动作快!
把东西送到同志们手里!”
刹那间,整个钢七总队的庞大机器高速运转起来。
装甲车轰鸣着从后面开上来,车厢门打开,露出里面码放整齐、厚实崭新的美式棉衣棉裤。
卡车紧随其后,上面满载着成箱的罐头、压缩饼干、弹药箱。
背着药箱的军医和卫生员们跑步前进,冲向63军的伤员集中点。
钢七总队的战士们扛着成箱的子弹、成捆的手榴弹、抬着一箱箱炮弹,奔向63军那些弹药匮乏的阵地。
“发棉衣了!美军的厚棉衣!”
“快!这边!这边有重伤员!”
“子弹!好多子弹!还有手榴弹!”
“迫击炮!他们给我们迫击炮了!”
63军的阵地上,短暂的死寂被巨大的狂喜和激动打破。
压抑已久的哭喊声、欢呼声、哽咽声混杂在一起,汇成一股巨大的声浪,几乎要掀翻冰冷的山头。
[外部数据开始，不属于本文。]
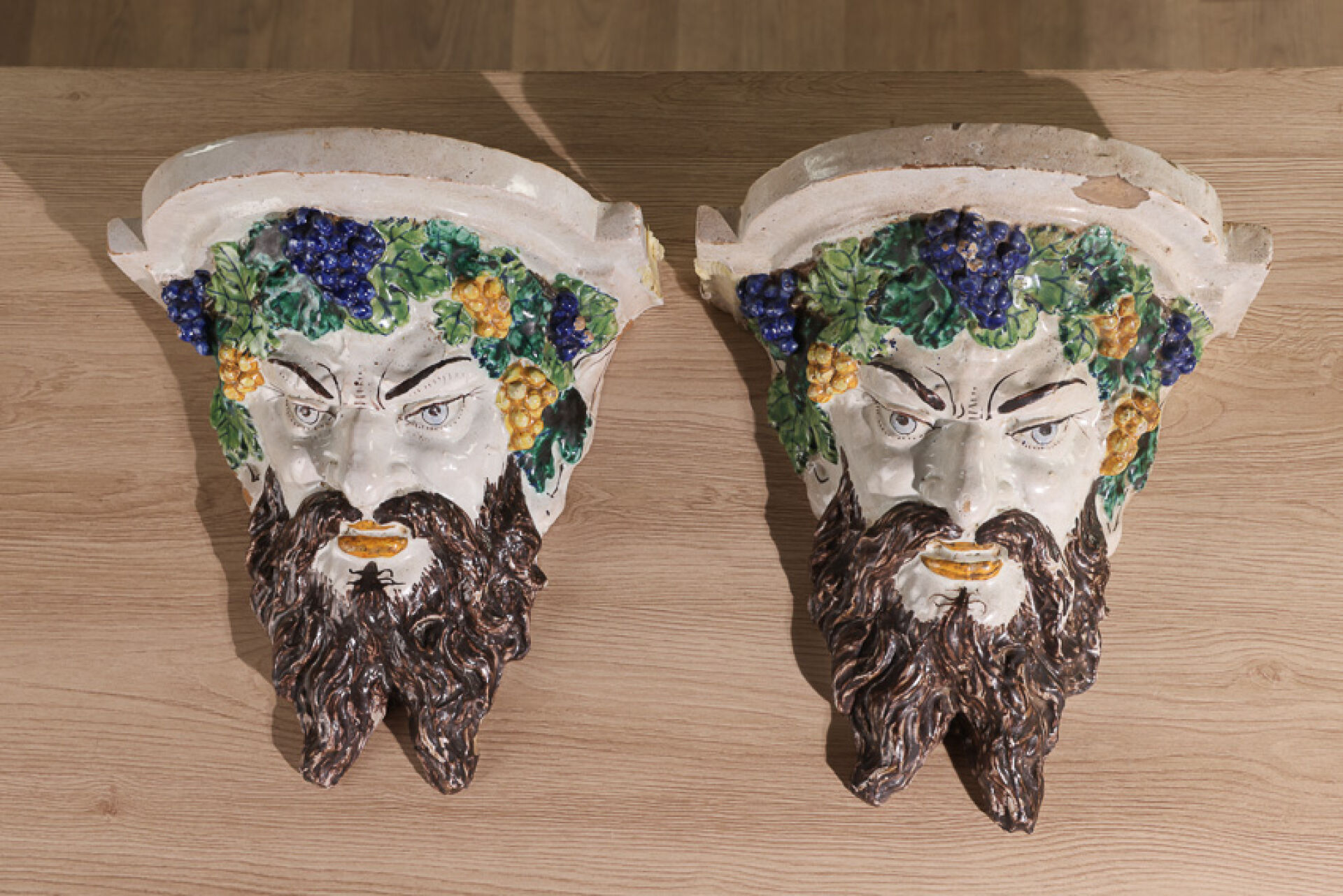 Paire de consoles d’appliques en majolique à décor polychrome de tête de Bacchus aux...
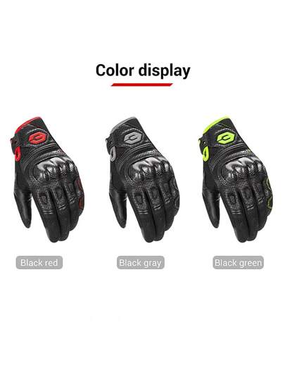 1 件摩托车手套全指触屏骑行手套摩托车夏季透气手套越野赛车带碳纤维指关节保护可调节骑行配件 - 彩色 - 查看 1
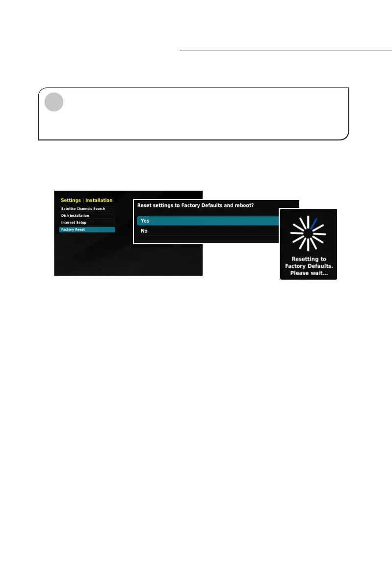 Settings and LNB settings). The Set Top Box will return to the default state. Do not
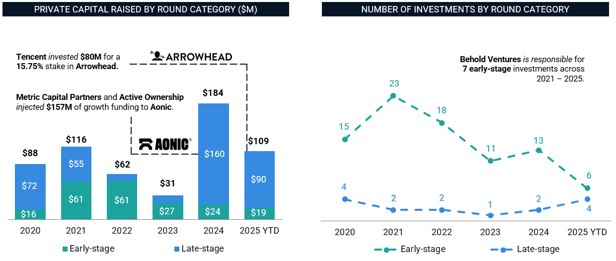 After a deep pullback in 2022–23, private capital returned in 2024 — but the pattern shifted. Late-stage rounds now dominate capital flows, concentrated around a handful of proven operators rather than broad early-stage deployment. Tencent invested $80m for a 15.75% stake in Arrowhead, implying a valuation above $500m for the studio behind Helldivers II. Metric Capital Partners and Active Ownershipinjected $157m of growth funding into Aonic. Early-stage deal count, meanwhile, dropped from 23 rounds in 2021 to 13 in 2024 and 6 in 2025 YTD — a normalization after the peak rather than a collapse.
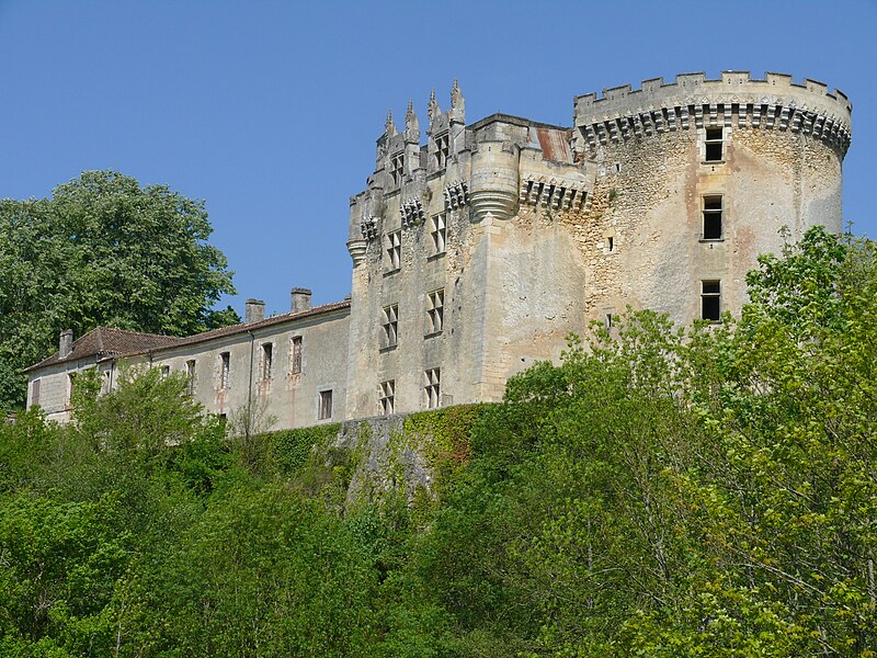 Le château, le châtelet, les dépendances, les terrasses, le pigeonnier (cad. A 1365, 1366, 1350) : inscription par arrêté du 13 février 2001 - Le corps de logis ancien et les deux tours rondes qui lui sont accolées (cad. A 1366) : classement par arrêté du 29 mai 2001
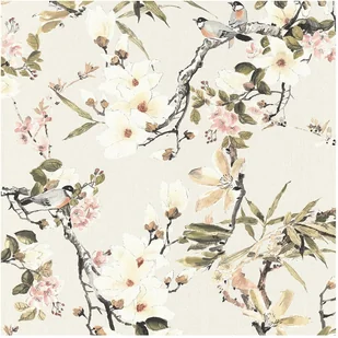 Tapeta kwiatowy wzór beżowym,zielonym,szarymIróżowym - 53 cm x 10.05 m - MICHALSKY LIVING
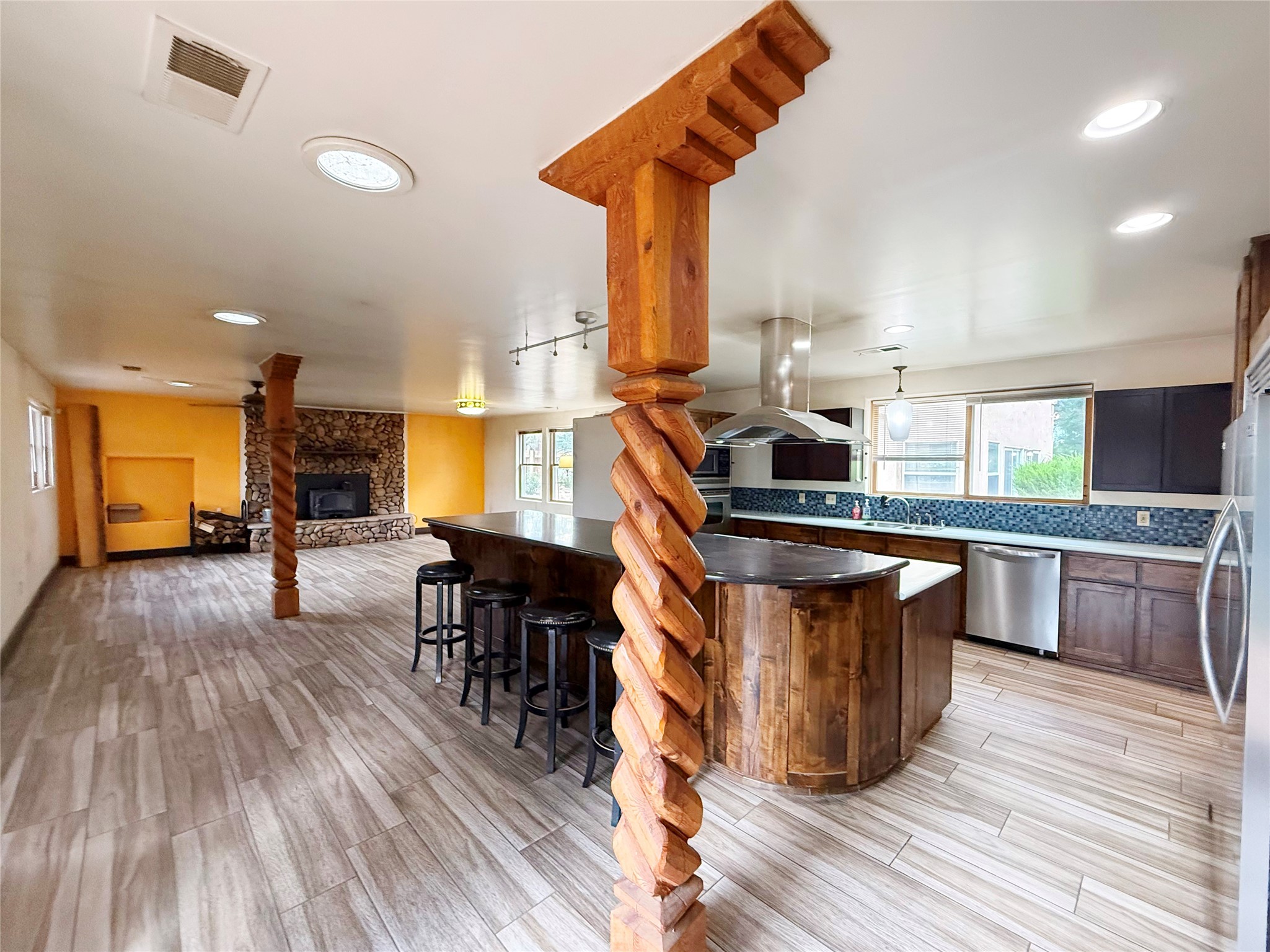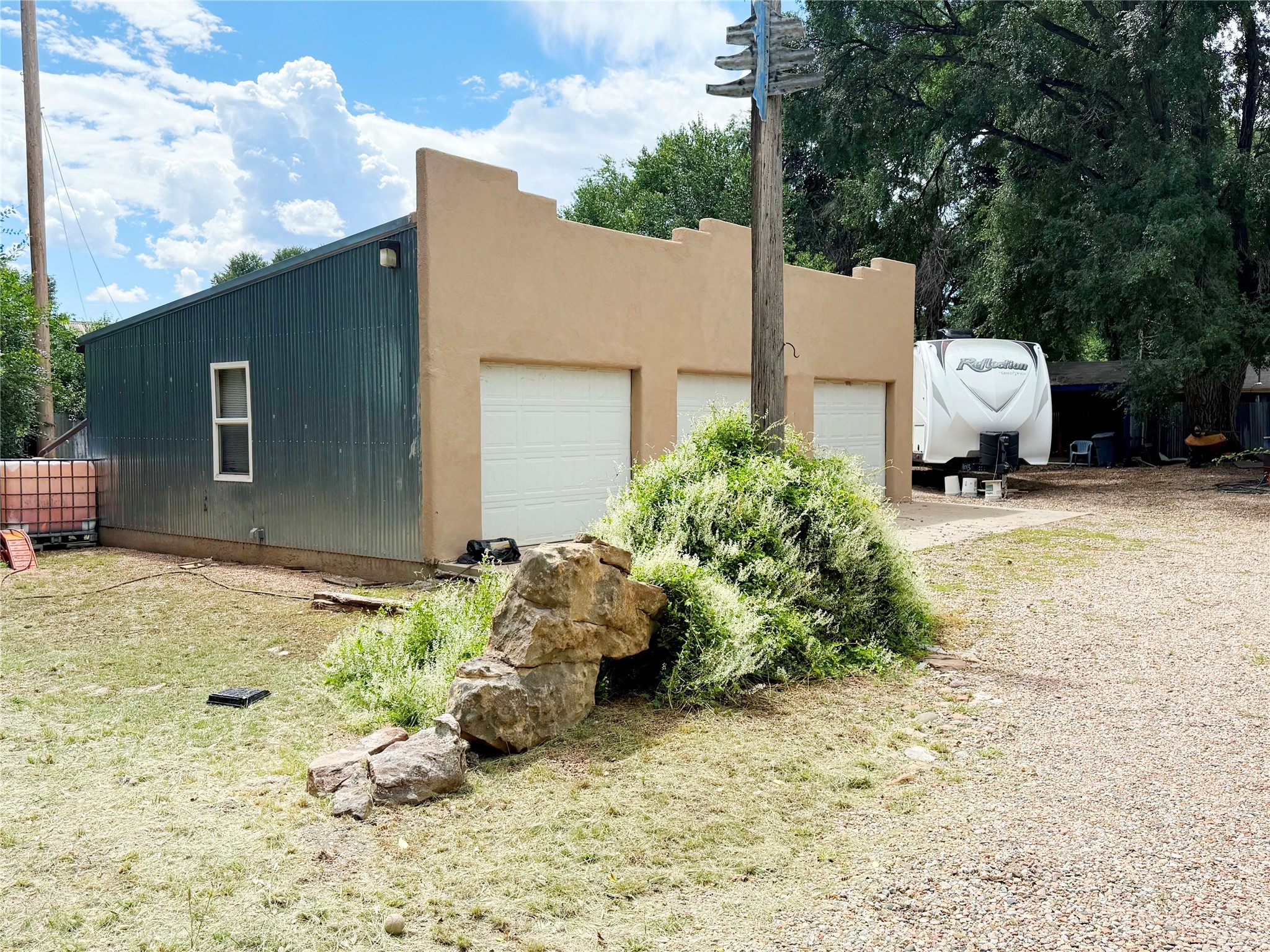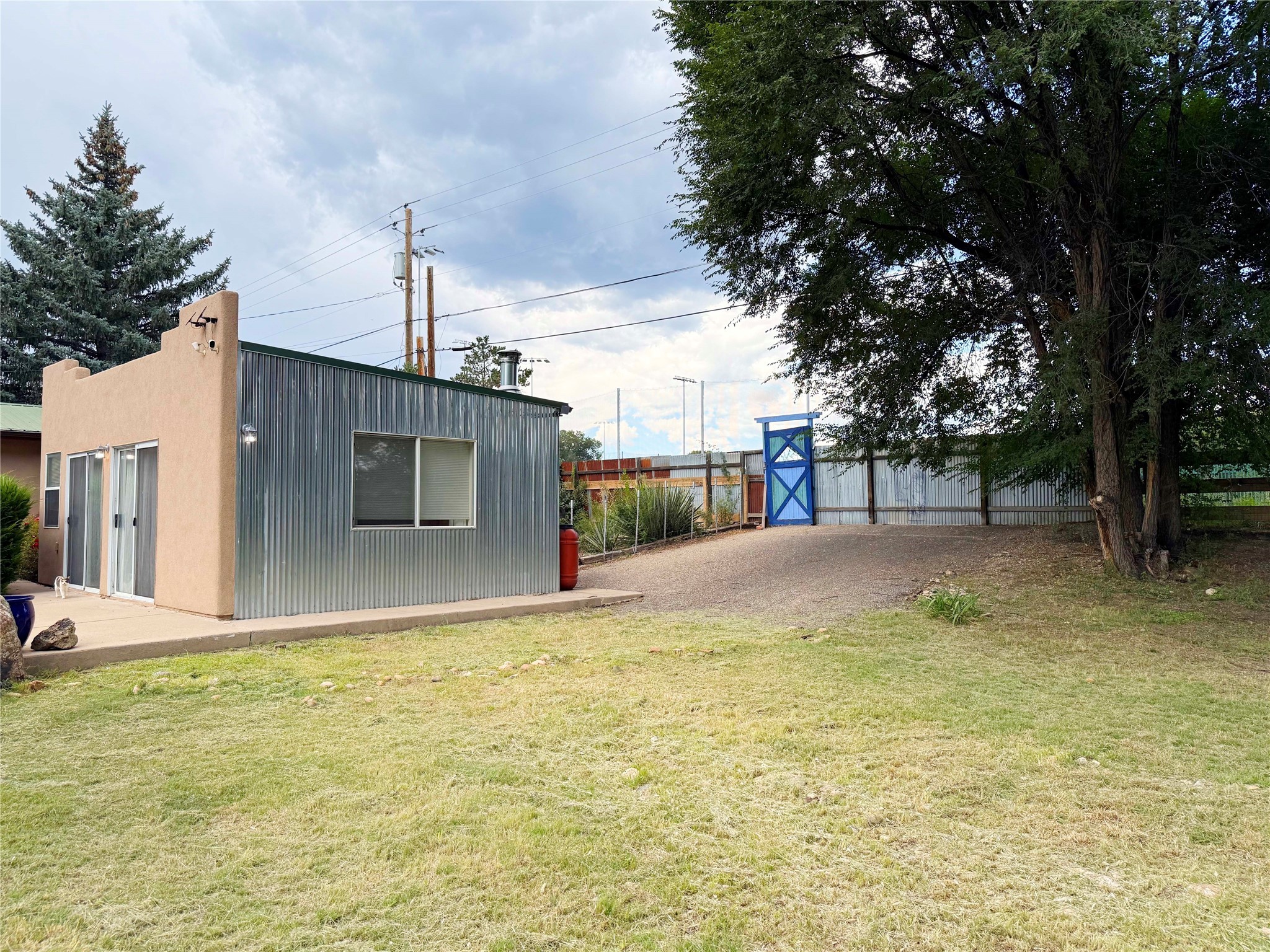Stunning former hotel transformed into a luxurious 3-bedroom, 2.5-bathroom residence on almost 3/4 acre along the Gallinas River. This chef's dream home features an open-concept living area anchored by a beautiful river rock fireplace, seamlessly connecting to a gourmet kitchen with double-sized refrigerator and freezer, 6-burner gas cooktop island with bar seating, wine refrigerator, double oven, microwave, and abundant pantry and cabinet space with stunning display cabinets, space for a butler's pantry or coffee bar and hard surface countertops. The master suite features a gas kiva fireplace, dual closets, step-down rainfall shower, and French doors opening to landscaped gardens and patios. A versatile sunroom/den with gas fireplace offers endless possibilities for relaxation or entertainment. Three bedrooms are accessed via a dramatic long hallway, with rooms tastefully numbered as a nod to the property's historic hotel past. Nearly every living area in the home features French doors leading to beautifully landscaped patios throughout the lush, green grounds. The property includes a three-car detached garage with workshop, storage shed, garden shed, and covered firewood storage. Grounds are accented with beautiful large mountain rocks and offer wide open spaces perfect for outdoor living. Located directly next to the Gallinas River, this unique property combines luxury amenities with historic charm and natural beauty - truly a must-see opportunity.
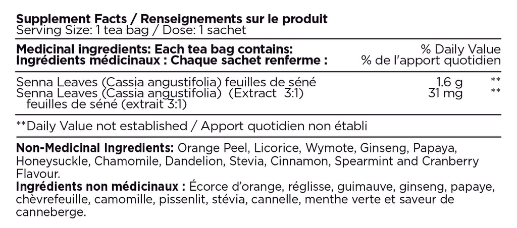 Based on an ingredient used in Traditional Chinese Medicine, this unique tea blend relies on the stimulating effects of Senna leaf. Senna belongs to a large genus of flowering plants found throughout the tropics.

一个双腿严重冻伤、几乎无法站立的老兵,颤抖着双手接过一件崭新的、散发着布料和棉花气息的美制棉衣。
他死死抱着棉衣,把脸埋进厚实的棉絮里,肩膀剧烈地耸动,嚎啕大哭。
一个饿得眼冒金星、脸颊深陷的小战士,捧着一盒油汪汪的美军罐头,用手抓着就往嘴里塞。
滚烫的油脂和食物糊了满脸。
他一边狼吞虎咽,一边眼泪鼻涕一起流,含糊不清地喊着:“肉……好久没吃肉了……”
最震撼的一幕发生在伍万里不远处。
一个角落里被判定难活的重伤员,在灌下温热的罐头汤,裹上棉衣,又被注射吗啡后,竟恢复了一丝生气。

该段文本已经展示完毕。